Once the first auditory-perceptual dimension was rated, listeners were provided with a short break of approximately 15–20 min and then were asked to complete a second rating session, which addressed the second dimension that they had not yet completed (either SA or LC). During the rating task for the second dimension, listeners were provided with the same samples in a new randomized order. The delegation of these scales (SA and LC) was counterbalanced so that 8 of the 16 listeners rated SA first, followed by LC; conversely, the other 8 listeners rated LC first, followed by SA. Thus, controls for potential order effects related to the auditory-perceptual dimensions were considered. Once ratings of both SA and LC were completed in this session, listeners were dismissed and scheduled to return for a follow-up listening session in 7 to 14 days.

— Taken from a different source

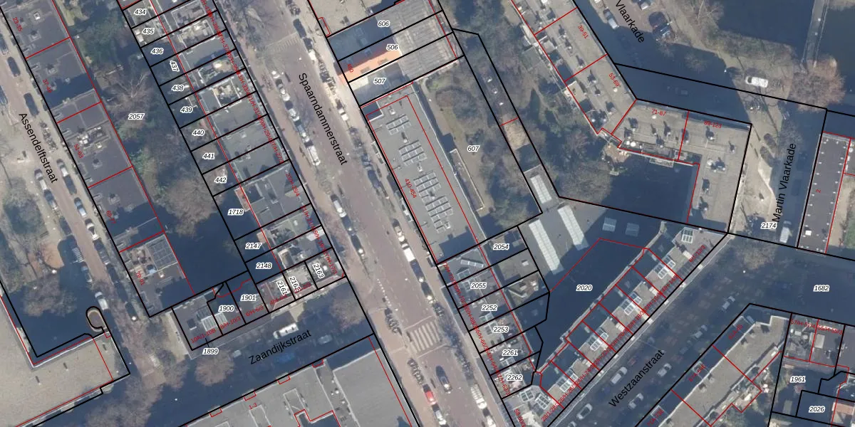 Spaarndammerstraat 422 is gelegen op kadastraal perceel ASD20X607. Deze kadastrale aanduiding is uniek en wordt gebruikt door het Kadaster om eigendomsrechten en andere zakelijke rechten vast te leggen. Het perceel maakt onderdeel uit van de kadastrale gemeente Amsterdam.

In the second experimental listening session, which occurred between 7 and 14 days after completion of the first, listeners were presented stimuli and asked to assess either SA or LC in the reverse order of that completed in the first listening session. In this follow-up listening session, however, the true gender of each speaker sample was now indicated in the margin of the rating form. For the purposes of data analysis, this second session was identified as “Gender Known”. However, it should be noted that, regardless of the session (i.e., Gender Opposite or Gender Known), listeners were led to believe that the gender indicated on the rating form was accurate. The purpose of using deception in the first listening condition (Gender Opposite) was to ascertain whether listeners would rate speaker samples differently based on a prescribed gender. In both conditions, only the examiners were aware of the true gender of the voice sample being presented.
2.6. Reliability
At the end of all listening sessions and to ensure measures of internal validity for listener ratings, 4 additional voice samples (25%) were duplicated from the 12 original voice samples. Thus, Samples 13, 14, 15, and 16 represented duplicate samples selected from those played in the first 12 randomized samples (two males and two females). Listeners were asked to provide these reliability ratings for both SA and LC judgments for all experimental sessions; thus, reliability was gathered in all four rating sessions. Ratings obtained from these duplicate measures were then compared to the first rating of each sample to evaluate the consistency of ratings. When raw data from judgments of reliability samples were compared to initial judgments of the same sample, analysis revealed that 75% of all listener reliability judgments fell within +/−10 scaled points of the original rating, indicating judgments that were highly consistent. Less than 3% of all ratings exceeded +/−15 scaled points between judgments.
2.7. Data Analysis
The statistical relationship between measures of SA and LC were determined using Pearson correlation coefficients. The relationships between the Gender Opposite and Gender Known conditions were also calculated using Pearson correlation coefficients and independent t-tests. These analyses were first completed for all listener scores combined for the entire group of speakers and then separately for male and female listener groups. A predetermined level of statistical significance (p < 0.05) was used for all analyses.
4. Discussion
The objective of this study was directed at the question of how a listener’s knowledge of a TE speaker’s gender would influence their judgments of the auditory-perceptual features of SA and LC. While concerns have evolved from the past literature around the potential for differential social penalty specific to voice quality in those who are laryngectomized, these investigations sought to assess gender differences associated with TE speech. In seeking to address this question, several variables were purposely controlled. In anticipation of the deception component of this experiment (Session 1), speaker samples were chosen based on the experimenter’s evaluation that the samples included were ambiguous and not obviously associated with either gender. Had the samples clearly sounded male or female, the deception aspect of the experiment may have become apparent to the listener, and we believe that listener ratings of female speakers would have deteriorated further. However, consideration should be given to the fact that TE samples are characterized by lower fundamental frequency and considerable noise [
2], which inherently decrease the overall feminine characteristics of the voices [
13]. Therefore, to control for variables that might influence perceptual judgements, several steps were taken as part of the experimental design, namely, the deception in Session 1.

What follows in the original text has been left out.